L’incursion croissante d’anglicismes dans la langue française est plus qu’un simple phénomène de mode ; c’est le symptôme d’un appauvrissement culturel et linguistique qui nous guette si nous n’y prenons pas garde. Ce n’est pas simplement une question de terminologie ; c’est une manifestation de l’influence grandissante de la culture anglophone sur la nôtre, au détriment de la richesse et de la nuance de notre propre langue.
La richesse de la langue française mérite mieux
Le français possède une richesse grammaticale et un arsenal de conjugaisons qui permettent d’exprimer des nuances très précises. Quand cette complexité est érodée, que ce soit par la simplification excessive ou par l’adoption non critique d’anglicismes, nous perdons un outil essentiel pour la pensée complexe et critique. De même, l’élimination progressive de certaines formes verbales et le relâchement de la grammaire et de la ponctuation ne sont pas de simples évolutions linguistiques ; ce sont des régressions.
Dans le domaine éducatif, il est alarmant de voir que certaines initiatives appellent à simplifier l’orthographe et la grammaire pour les rendre plus « accessibles ». Mais à quel prix ? C’est oublier que l’exigence et la complexité ont leur raison d’être.
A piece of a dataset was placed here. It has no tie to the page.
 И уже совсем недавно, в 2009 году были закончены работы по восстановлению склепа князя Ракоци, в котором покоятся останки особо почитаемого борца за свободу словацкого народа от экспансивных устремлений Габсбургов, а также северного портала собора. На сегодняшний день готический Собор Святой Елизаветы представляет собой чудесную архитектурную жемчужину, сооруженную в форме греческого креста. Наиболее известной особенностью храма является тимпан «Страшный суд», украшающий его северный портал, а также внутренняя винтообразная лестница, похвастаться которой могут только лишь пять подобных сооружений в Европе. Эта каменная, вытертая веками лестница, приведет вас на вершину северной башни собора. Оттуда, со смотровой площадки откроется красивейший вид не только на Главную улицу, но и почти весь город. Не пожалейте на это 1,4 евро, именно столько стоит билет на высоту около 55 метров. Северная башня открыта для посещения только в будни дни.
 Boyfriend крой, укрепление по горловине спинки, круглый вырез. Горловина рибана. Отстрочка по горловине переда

Elles forment le terrain d’entraînement de l’esprit. Comment construire une pensée hypothético-déductive sans maîtrise du conditionnel, ou comment envisager l’avenir sans conjugaison au futur ?
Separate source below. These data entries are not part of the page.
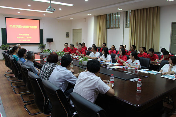 2017年7月15日,我校机电工程学院和能源与动力工程学院93级校友回到阔别已久的母校,庆祝毕业二十周年,追忆同窗往事,畅谈人生经历,上午九点交流会在机电工程学院西三楼215会议室正式开始。我校吕彦力副校长、王新杰副校长、当年的班主任老师、辅导员老师、专业课教师代表出席了此次交流会。交流会由机电工程学院党总支书记蒋玮主持。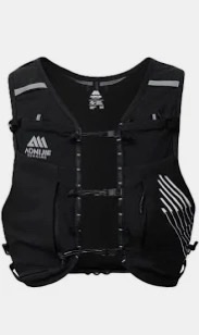 A unisex 10-litre hydration vest featuring a stretch-fit design, multiple secure storage pockets, hydration tube straps, and compartments for emergency gear and a bladder system.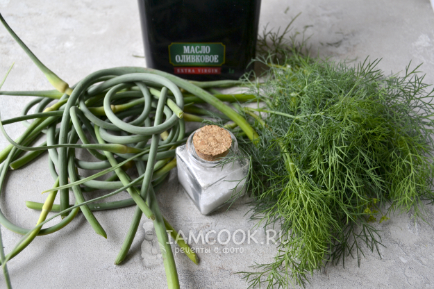 Для заготовки (заморозки) чесночных стрелок с укропом на зиму возьмите молодые, мягкие стрелки чеснока и укроп, крупную соль и оливковое масло.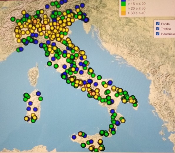 Occorre considerare che i periodi di stagnazione atmosferica invernali (inversione termica a bassa quota, alta pressione livellata, assenza di precipitazioni, vento molto debole o assente) in alcune delle aree del Paese solitamente più critiche, sono stati frequenti e intensi nell’anno appena trascorso favorendo in diversi giorni il superamento della soglia prevista per il valore limite giornaliero di 50 μg/m³.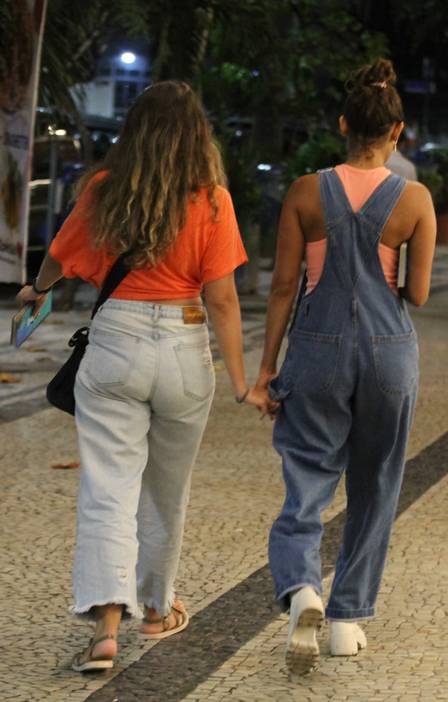 As duas sairam do restaurante de mãos dadas, após jantarem em um restaurante. Foto: Extra

Les implications sont également sociétales. L’incapacité à mettre des mots précis sur les émotions ou les idées peut contribuer à une montée de la violence et de l’incompréhension mutuelle. Il y a un lien entre la pauvreté du langage et certaines formes de comportement agressif. Sans mots précis pour articuler la pensée, comment espérer résoudre des conflits de manière constructive ?
Annuler ou interrompre : les mots ont un sens !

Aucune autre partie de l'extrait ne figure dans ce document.